Chinese court settles condom controversy
Beijing, China: A Chinese court has settled a long-standing dispute with a Japanese company over who makes the world’s thinnest latex condom, a prophylactics manufacturer in China said on Wednesday.
Guangzhou United Rubber Products sued Japan’s Okamoto for one yuan ($0.15) in an effort to settle the row.
In 2013, the Chinese company’s Aoni condom entered the Guinness Book of World Records with a rubber measuring in at 0.03 millimetres thick.
But Okamoto, the previous record holder, refused to give in.
In September 2014, Guangzhou United Rubber asked a Chinese court to settle the measuring contest, saying Okamoto was still advertising its condoms as the world’s thinnest.
The miniscule size of the claim led people to wonder whether the lawsuit was little more than a publicity stunt.
A spokeswoman for Guangzhou United Rubber denied the suggestion, saying it brought the action to ‘stop the other party’s infringement’ and chose the small amount because it did not want to become ‘entangled in the question of financial losses’.
The court in Guangzhou ruled in the Chinese firm’s favour on Monday, she said.

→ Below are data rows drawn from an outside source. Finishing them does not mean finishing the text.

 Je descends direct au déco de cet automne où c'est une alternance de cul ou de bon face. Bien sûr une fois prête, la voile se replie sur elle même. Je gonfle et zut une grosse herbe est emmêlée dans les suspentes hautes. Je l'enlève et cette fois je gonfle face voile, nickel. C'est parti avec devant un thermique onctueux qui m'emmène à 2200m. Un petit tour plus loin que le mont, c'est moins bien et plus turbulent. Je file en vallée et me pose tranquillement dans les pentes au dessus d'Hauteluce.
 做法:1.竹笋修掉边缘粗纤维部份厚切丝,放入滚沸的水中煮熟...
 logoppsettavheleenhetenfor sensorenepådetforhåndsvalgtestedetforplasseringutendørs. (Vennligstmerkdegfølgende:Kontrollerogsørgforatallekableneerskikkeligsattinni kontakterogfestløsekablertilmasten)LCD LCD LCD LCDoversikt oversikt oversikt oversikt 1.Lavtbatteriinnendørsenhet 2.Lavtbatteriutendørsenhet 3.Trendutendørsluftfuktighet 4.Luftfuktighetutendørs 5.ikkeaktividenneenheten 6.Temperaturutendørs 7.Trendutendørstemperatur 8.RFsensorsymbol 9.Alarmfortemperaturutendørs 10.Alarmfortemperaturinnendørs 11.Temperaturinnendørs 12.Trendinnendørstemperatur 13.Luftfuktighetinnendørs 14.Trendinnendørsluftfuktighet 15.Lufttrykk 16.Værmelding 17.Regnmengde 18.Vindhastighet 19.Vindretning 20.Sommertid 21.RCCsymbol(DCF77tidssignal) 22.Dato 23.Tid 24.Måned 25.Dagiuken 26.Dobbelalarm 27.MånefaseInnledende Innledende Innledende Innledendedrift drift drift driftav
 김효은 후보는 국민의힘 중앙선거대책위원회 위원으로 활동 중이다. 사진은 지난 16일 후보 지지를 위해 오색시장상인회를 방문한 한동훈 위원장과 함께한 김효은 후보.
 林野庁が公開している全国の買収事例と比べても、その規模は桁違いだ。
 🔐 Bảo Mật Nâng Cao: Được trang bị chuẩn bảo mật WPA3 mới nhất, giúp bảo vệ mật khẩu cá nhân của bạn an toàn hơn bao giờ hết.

Okamoto had ‘cheated’ consumers with its exaggerated claims, she said, adding that the Japanese competitors were ‘not just insulting our company, they were also insulting our consumers’.

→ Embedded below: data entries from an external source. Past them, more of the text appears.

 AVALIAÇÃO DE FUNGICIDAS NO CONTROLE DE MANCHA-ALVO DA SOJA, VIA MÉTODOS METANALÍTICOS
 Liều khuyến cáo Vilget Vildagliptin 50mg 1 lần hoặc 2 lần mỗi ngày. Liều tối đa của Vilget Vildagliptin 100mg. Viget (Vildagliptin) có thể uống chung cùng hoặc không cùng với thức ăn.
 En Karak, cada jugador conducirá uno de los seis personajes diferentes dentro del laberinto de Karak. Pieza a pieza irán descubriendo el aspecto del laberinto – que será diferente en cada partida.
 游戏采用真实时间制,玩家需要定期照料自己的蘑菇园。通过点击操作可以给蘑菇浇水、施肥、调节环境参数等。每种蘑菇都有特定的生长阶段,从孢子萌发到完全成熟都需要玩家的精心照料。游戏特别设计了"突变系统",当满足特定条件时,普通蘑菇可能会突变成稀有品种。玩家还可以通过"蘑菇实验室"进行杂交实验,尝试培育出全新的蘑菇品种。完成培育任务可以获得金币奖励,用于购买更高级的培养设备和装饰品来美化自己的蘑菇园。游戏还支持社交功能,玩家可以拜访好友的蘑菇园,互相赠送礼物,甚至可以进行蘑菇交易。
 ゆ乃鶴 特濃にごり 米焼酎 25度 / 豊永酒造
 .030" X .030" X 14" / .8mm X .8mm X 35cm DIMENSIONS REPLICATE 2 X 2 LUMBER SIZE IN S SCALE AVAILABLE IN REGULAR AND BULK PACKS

The taunts failed to get a rise out of Okamoto.
‘We used the phrase ‘the world’s thinnest’ for a few years after we were listed in the Guinness World Records (in 2012), but we do not anymore,’ an Okamoto spokesman told AFP.
‘So, we don’t think the ruling will have any effect on our finances.’
The Tokyo-based condom maker, whose product lineup includes the ‘Big Boy’, has not made the claim in its advertising for at least a year, he added.
But on Wednesday its English-language website still proclaimed that its ‘003 Platinum is, as long as we know, the World’s Thinnest latex condom’.
Japanese manufacturers, including Okamoto, produce even thinner condoms made from polyurethane.